- Type:: ISU Championship
- Date:: January 29 – February 5
- Season:: 1994–95
- Location:: Dortmund, Germany
- Venue:: Eissportzentrum Westfalenhallen

Champions
- Men's singles: Ilia Kulik
- Ladies' singles: Surya Bonaly
- Pairs: Mandy Wötzel / Ingo Steuer
- Ice dance: Susanna Rahkamo / Petri Kokko

Navigation
- Previous: 1994 European Championships
- Next: 1996 European Championships

= 1995 European Figure Skating Championships =

Figure skating competition

The 1995 European Figure Skating Championships was a senior-level international competition held in Dortmund, Germany.
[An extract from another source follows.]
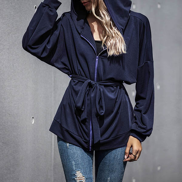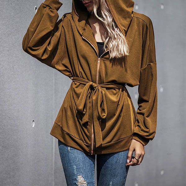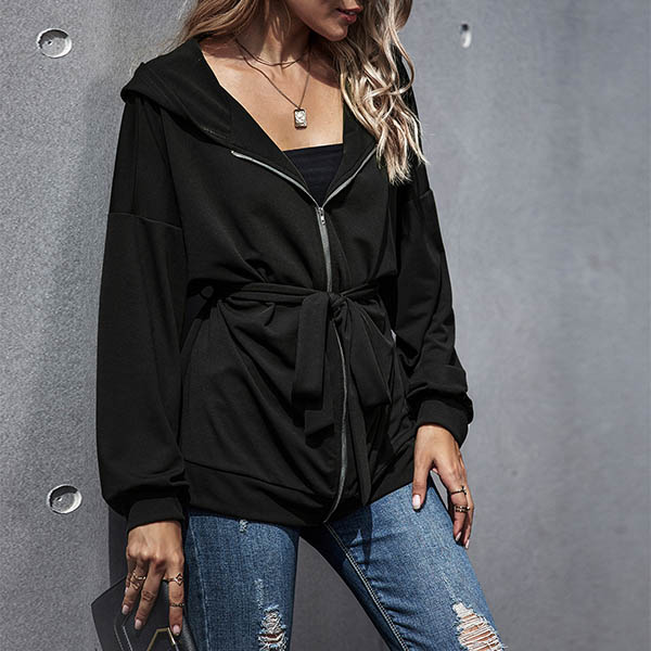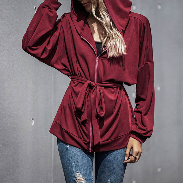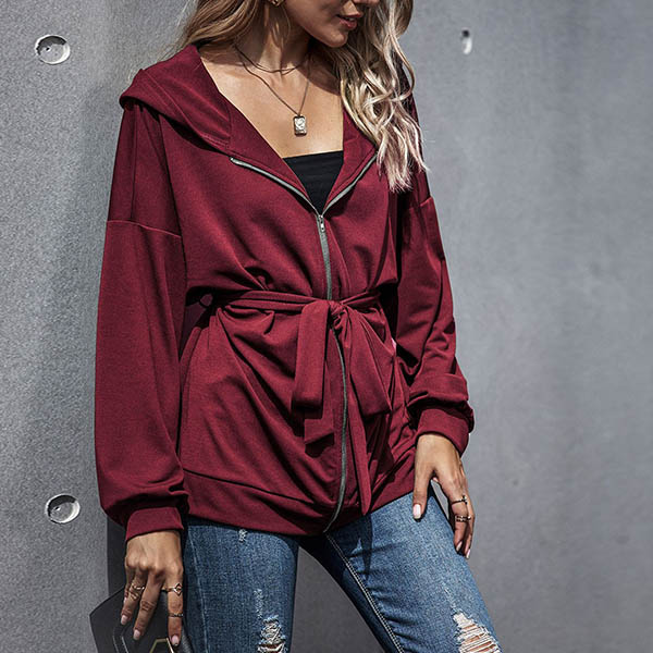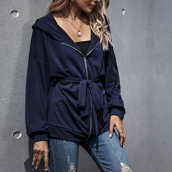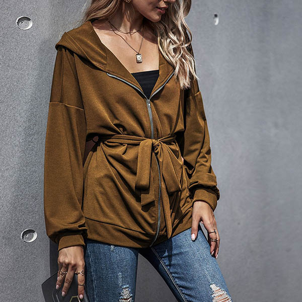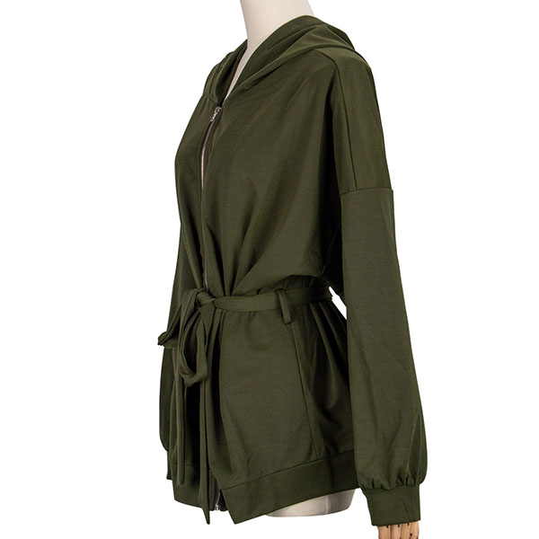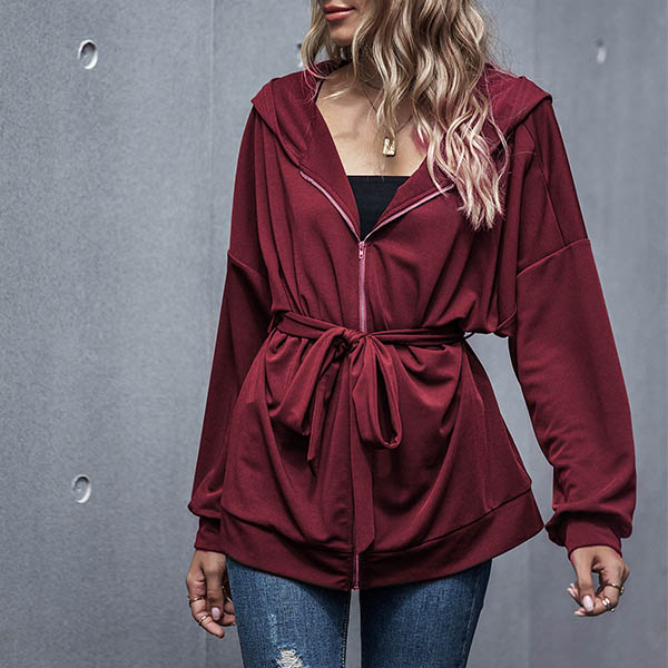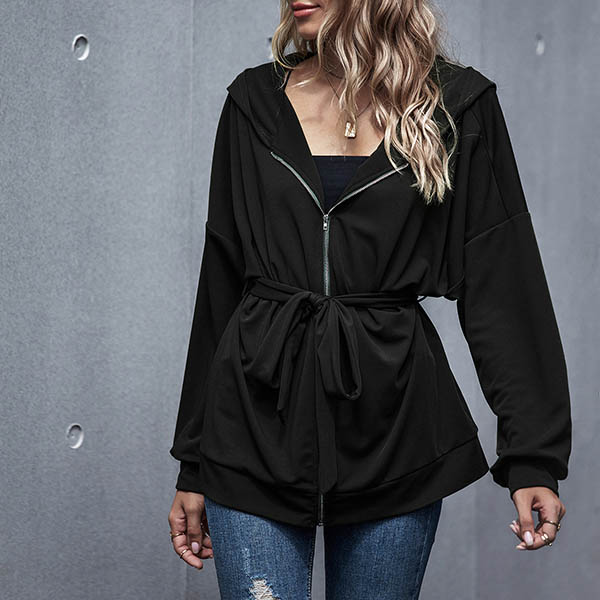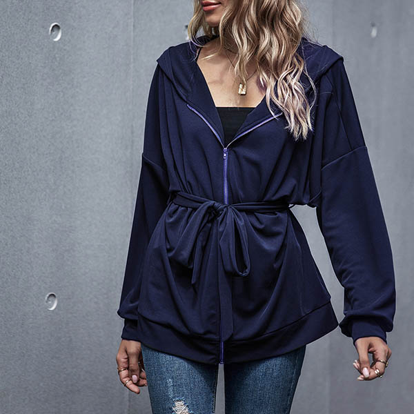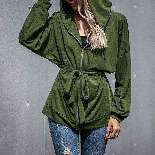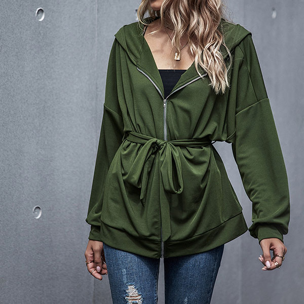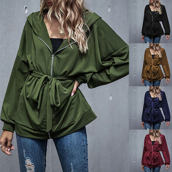 When the days get cold,this sweatshirt coat is worth to have a place in your wardrobe. Solid color style,finished with long sleeve and hooded silhouette,this piece can ensure you a warm and comfortable day. The waist strap design can showcase your slender figure.

Elite skaters from European ISU member nations competed in the disciplines of men's singles, ladies' singles, pair skating, and ice dancing.

==Competition notes==
Surya Bonaly won her fifth consecutive European title, having executed seven triple jumps, including a rare triple lutz, triple toe loop combination.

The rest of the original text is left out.